### What is needed
Having located the line with "2025 20:34 |", repeat it and all remaining lines of the records exactly. Pictures do not belong in the answer.

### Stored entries
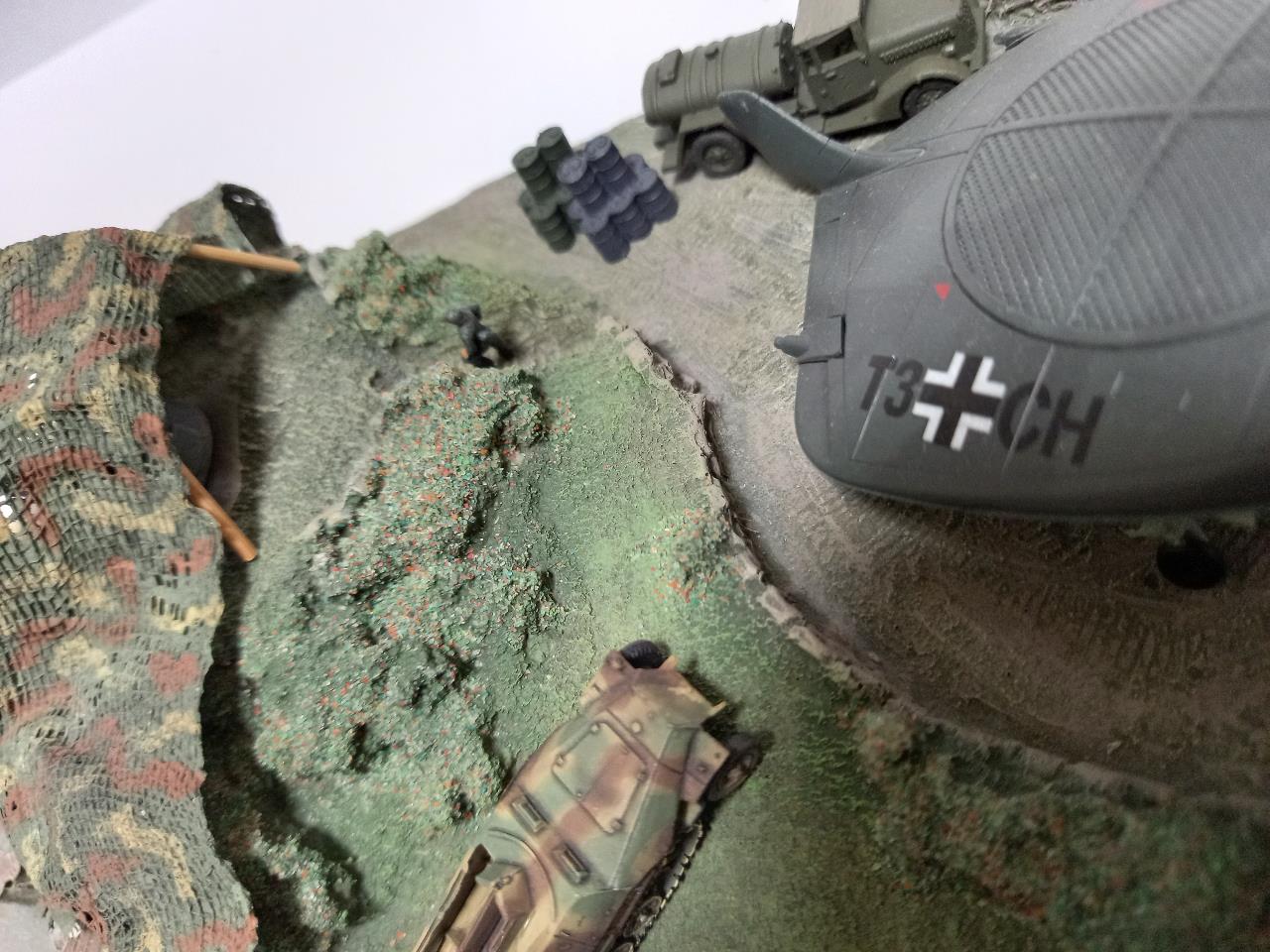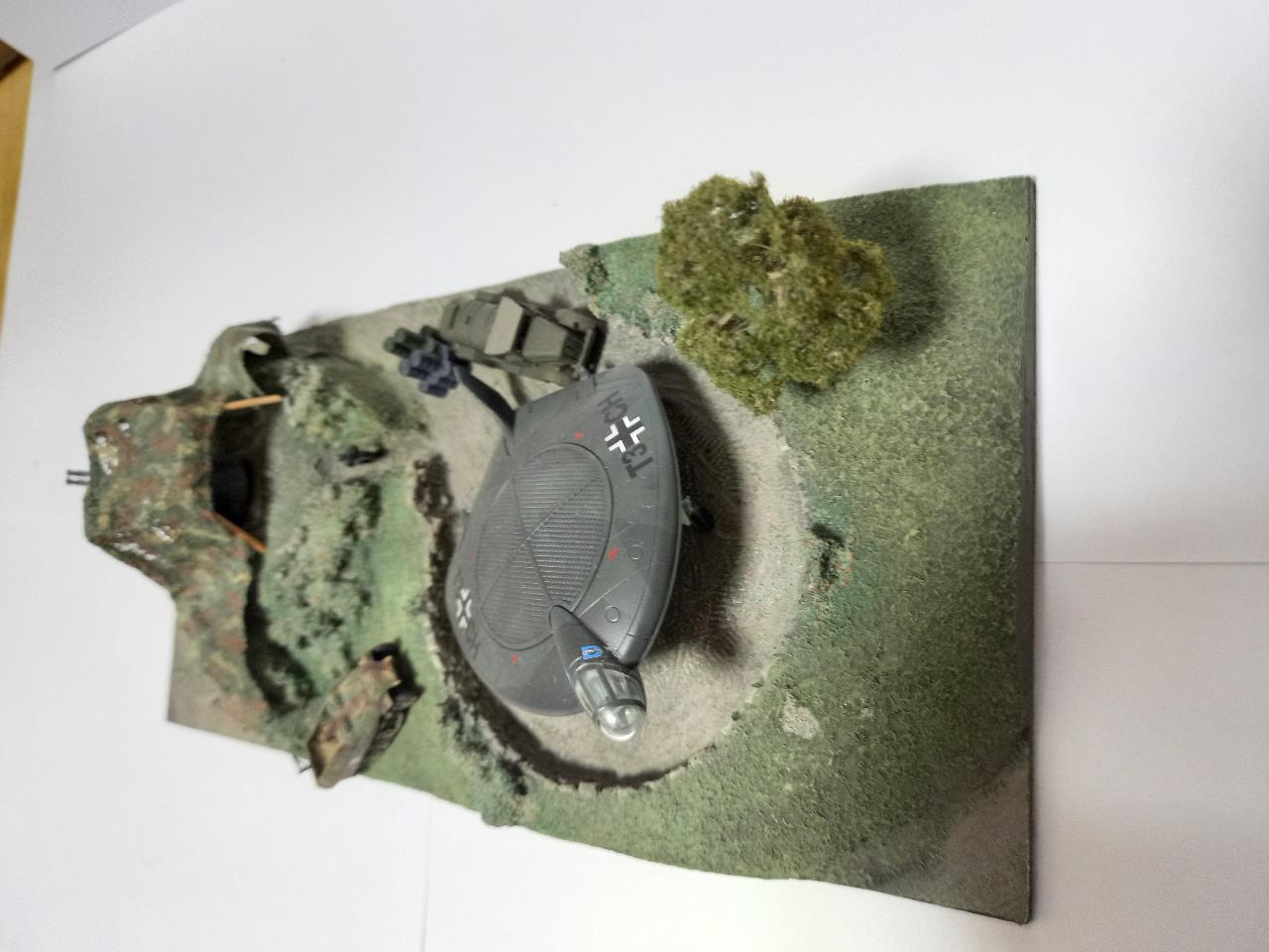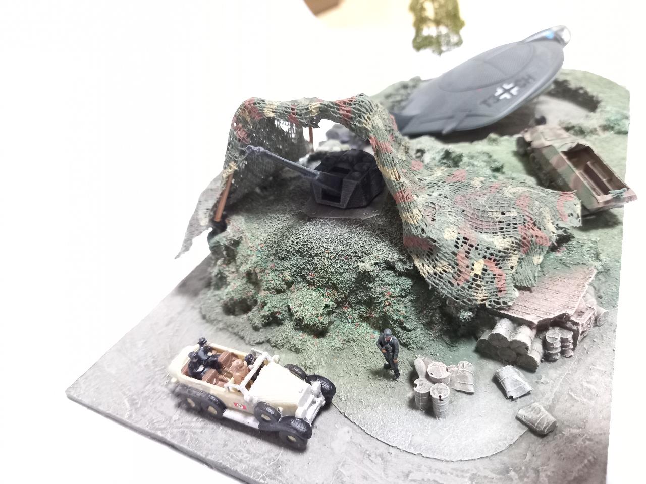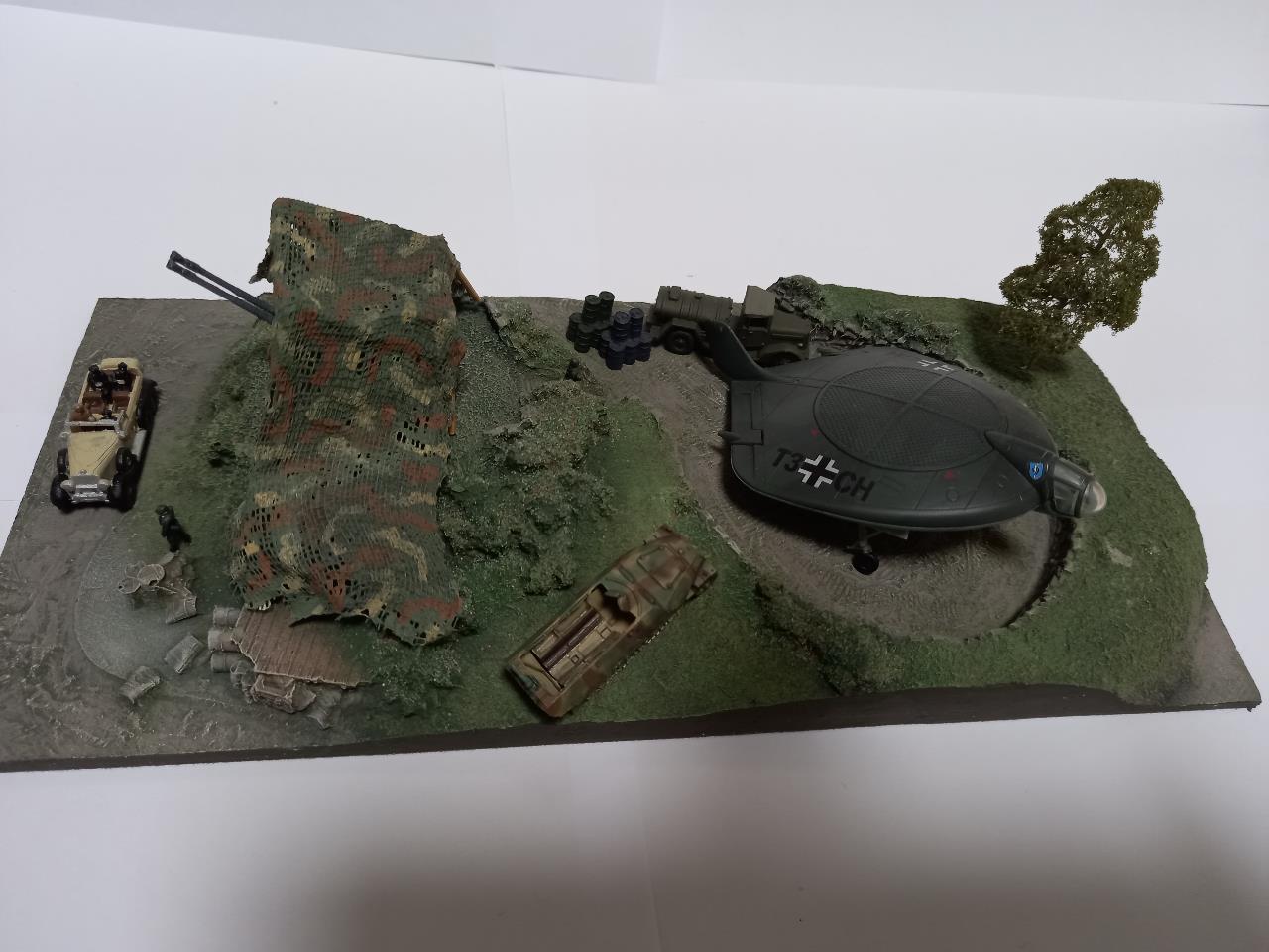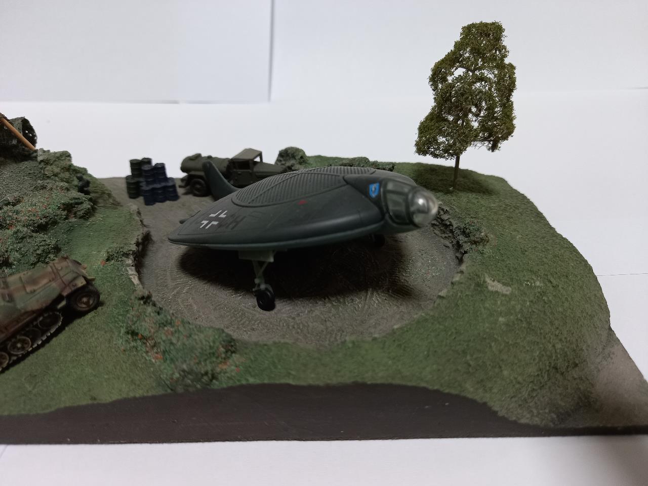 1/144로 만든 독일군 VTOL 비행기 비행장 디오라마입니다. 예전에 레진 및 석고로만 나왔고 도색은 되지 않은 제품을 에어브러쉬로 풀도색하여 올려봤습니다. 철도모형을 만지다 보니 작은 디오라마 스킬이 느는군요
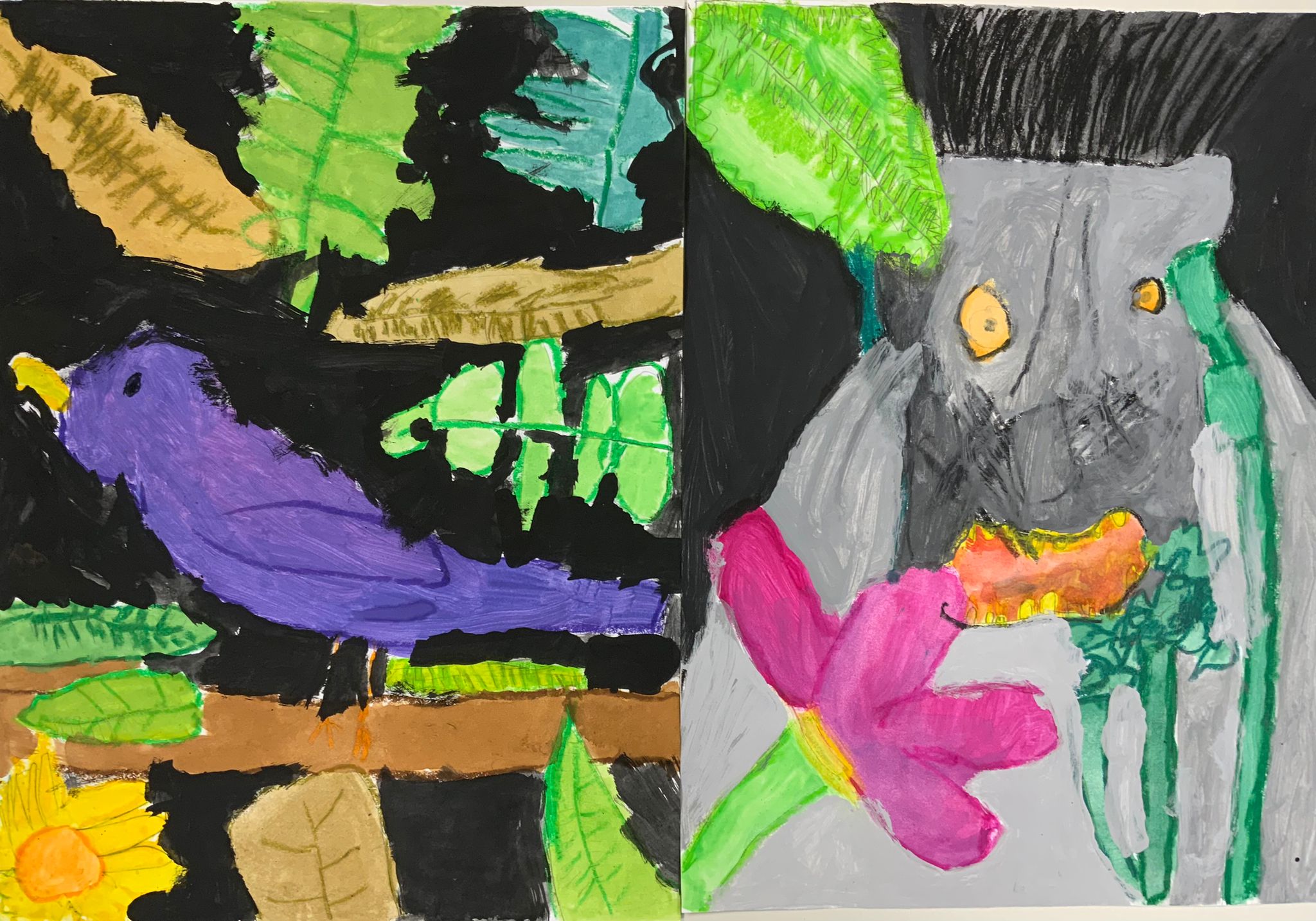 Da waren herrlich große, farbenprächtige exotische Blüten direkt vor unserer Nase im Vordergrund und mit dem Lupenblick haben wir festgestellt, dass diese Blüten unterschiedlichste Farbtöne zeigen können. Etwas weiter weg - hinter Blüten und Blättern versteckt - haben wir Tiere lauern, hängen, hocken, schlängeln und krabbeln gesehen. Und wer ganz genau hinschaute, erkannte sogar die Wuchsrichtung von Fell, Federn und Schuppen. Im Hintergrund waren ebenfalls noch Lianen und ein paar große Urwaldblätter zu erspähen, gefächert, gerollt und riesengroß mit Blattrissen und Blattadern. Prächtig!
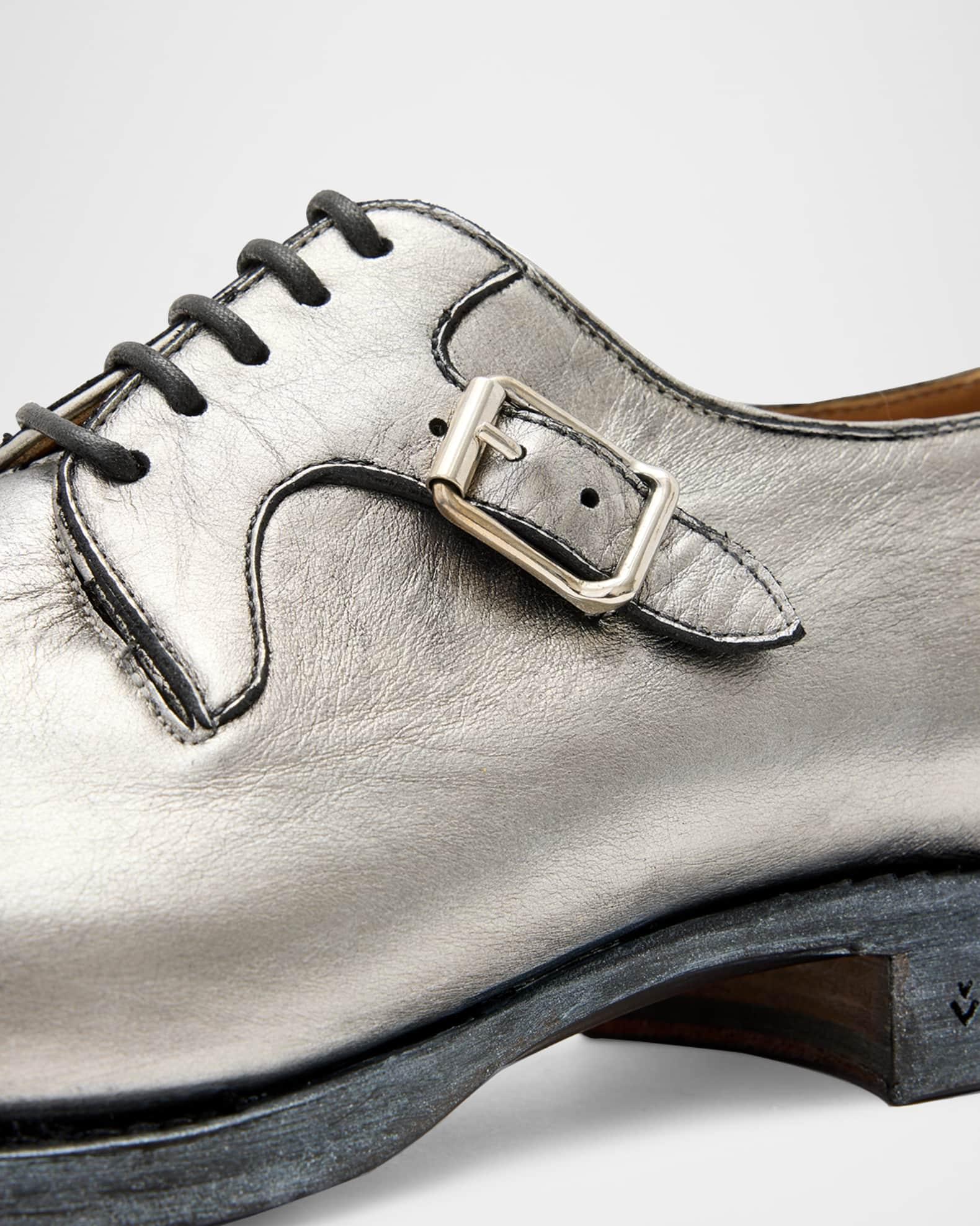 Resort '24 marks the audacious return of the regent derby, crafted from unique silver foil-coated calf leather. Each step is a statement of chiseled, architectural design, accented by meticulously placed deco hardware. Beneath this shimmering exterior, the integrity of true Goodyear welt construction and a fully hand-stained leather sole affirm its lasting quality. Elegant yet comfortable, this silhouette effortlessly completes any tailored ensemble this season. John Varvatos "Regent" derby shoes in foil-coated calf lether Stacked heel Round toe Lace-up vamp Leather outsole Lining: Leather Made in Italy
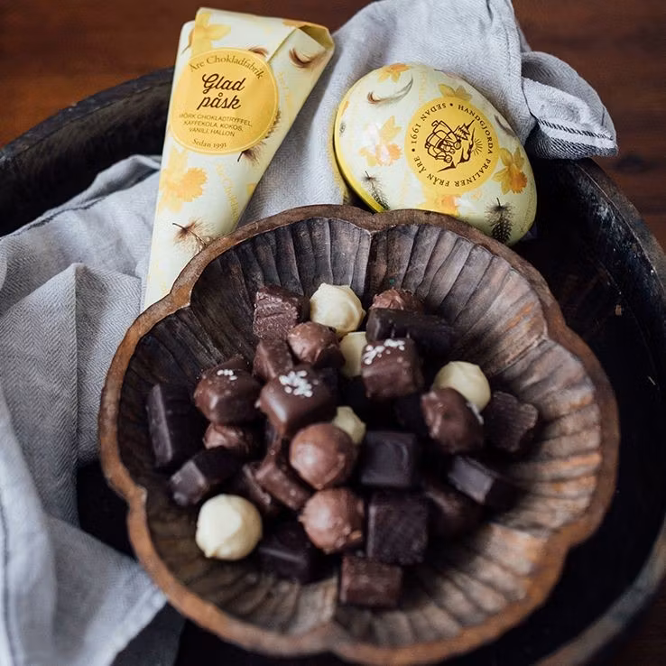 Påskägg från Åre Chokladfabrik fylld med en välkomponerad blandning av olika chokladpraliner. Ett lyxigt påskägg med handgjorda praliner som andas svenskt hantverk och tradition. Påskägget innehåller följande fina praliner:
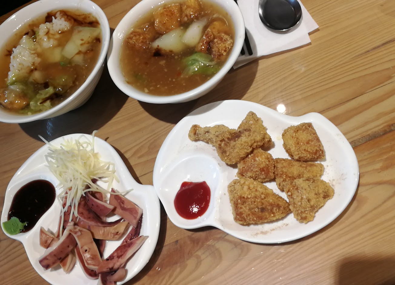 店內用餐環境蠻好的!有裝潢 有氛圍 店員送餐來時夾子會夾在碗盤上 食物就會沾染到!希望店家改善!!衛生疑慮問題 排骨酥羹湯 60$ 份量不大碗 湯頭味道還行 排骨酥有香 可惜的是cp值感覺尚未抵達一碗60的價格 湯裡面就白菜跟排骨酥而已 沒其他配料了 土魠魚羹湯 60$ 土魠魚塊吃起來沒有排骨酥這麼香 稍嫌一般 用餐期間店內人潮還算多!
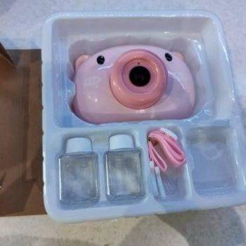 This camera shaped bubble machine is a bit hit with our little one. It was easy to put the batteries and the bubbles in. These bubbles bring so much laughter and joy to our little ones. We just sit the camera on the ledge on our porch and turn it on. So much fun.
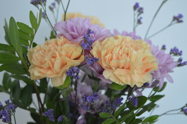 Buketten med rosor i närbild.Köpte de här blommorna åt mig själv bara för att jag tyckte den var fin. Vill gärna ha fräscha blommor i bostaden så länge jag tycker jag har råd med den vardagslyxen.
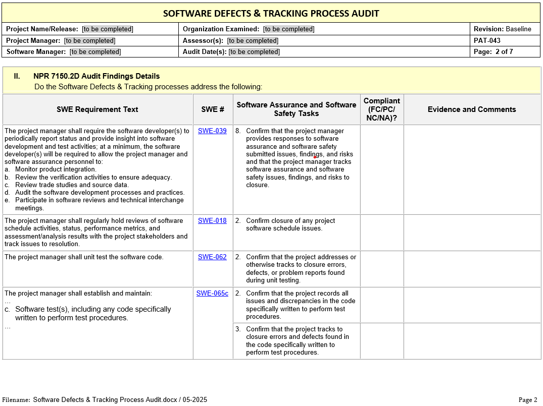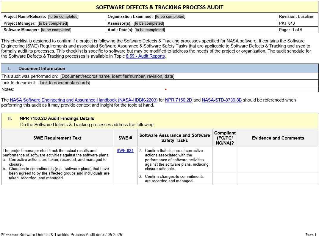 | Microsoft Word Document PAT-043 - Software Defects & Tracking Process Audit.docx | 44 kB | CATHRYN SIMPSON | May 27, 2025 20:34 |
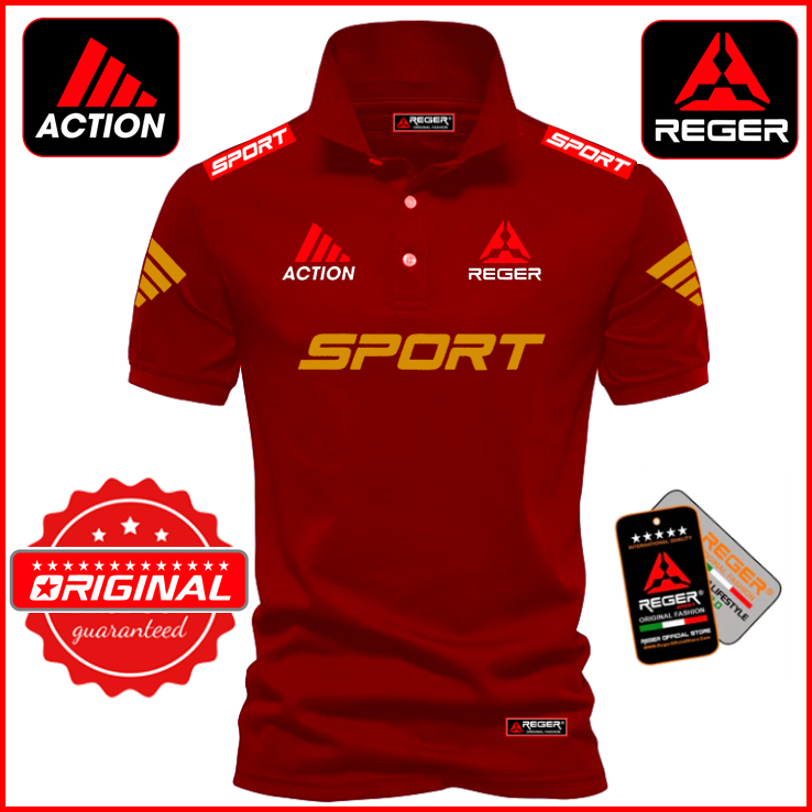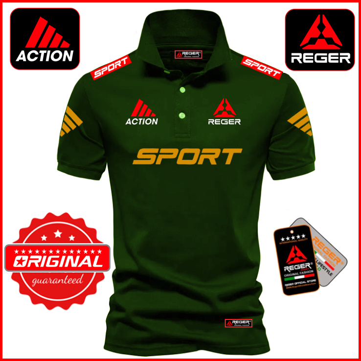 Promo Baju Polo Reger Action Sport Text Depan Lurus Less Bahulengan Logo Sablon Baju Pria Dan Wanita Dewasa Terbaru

### Exercise output
 | Microsoft Word Document PAT-043 - Software Defects & Tracking Process Audit.docx | 44 kB | CATHRYN SIMPSON | May 27, 2025 20:34 |
 Promo Baju Polo Reger Action Sport Text Depan Lurus Less Bahulengan Logo Sablon Baju Pria Dan Wanita Dewasa Terbaru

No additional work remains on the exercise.